After completing this code pattern, youll comprehend how to:
Load information into Spark DataFrames and use Sparks machine learning library (MLlib) to establish, train and deploy the Spam Filter Model.
Load the information into pandas DataFrames and use Scikit-learn maker discovering library to establish, train and release the Spam Filter Model.
Use the sparkmagics library to link to the remote Spark service in the HDP cluster by means of the Hadoop Integration service.
Use the sparkmagics library to push the python virtual environment containing the Scikit-learn library to the remote HDP cluster via the Hadoop Integration service.
Plan the Spam Filter model as a python egg and distribute the egg to the remote HDP cluster by means of the Hadoop Integration service.
Run the Spam Filter Model (both PySpark and Scikit-learn versions) in the remote HDP cluster making use of the remote Spark context and the remote python virtual environment, all from within IBM Watson Studio Local.

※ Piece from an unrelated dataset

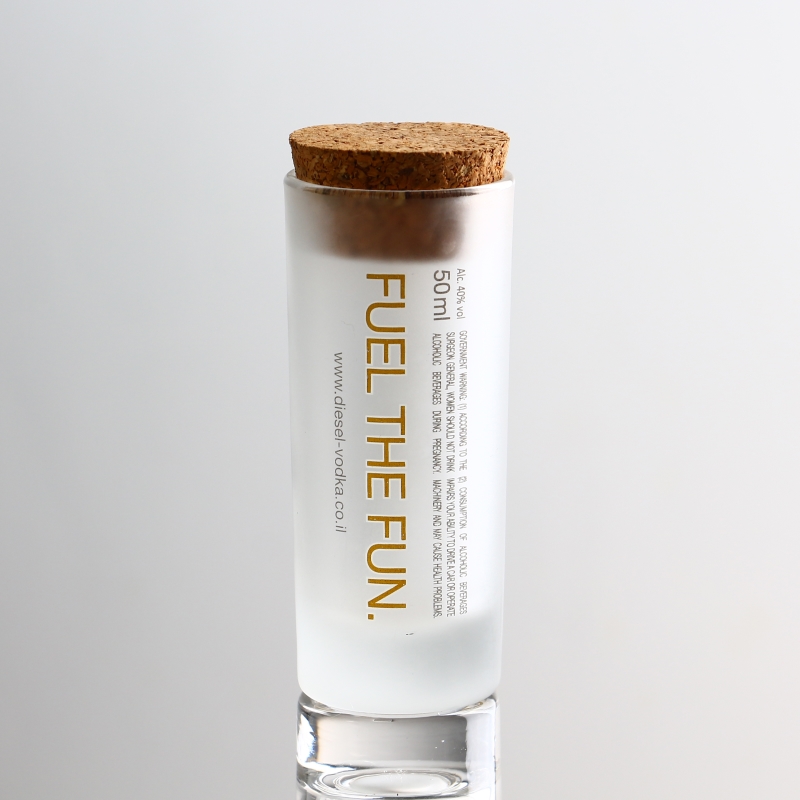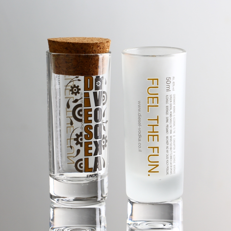 맞춤형 데칼 인쇄 프로스트로드 완성 된 1oz 샷 유리로 장식 된 나무 스토퍼로 장식

Conserve the Spam Filter Model in the remote HDP cluster and import it back to Watson Studio Local and batch rating, and assess the model.
The spam collection data set is filled into Watson Studio Local as a possession.
The user communicates with the Jupyter notebooks by running them in Watson Studio Local.
Watson Studio Local can either use the resources offered in your area or make use of HDP cluster resources by linking to Apache Livy, which belongs of the Hadoop Integration service.
Livy links with the HDP cluster to run Apache Spark or access HDFS files.
Get the comprehensive guidelines in the README file. These steps will show you how to:
Clone the repo.
Develop task in IBM Watson Studio Local.
Create project assets.
Commit changes to Watson Studio Local Master Repository.
Run the note pads noted in each example.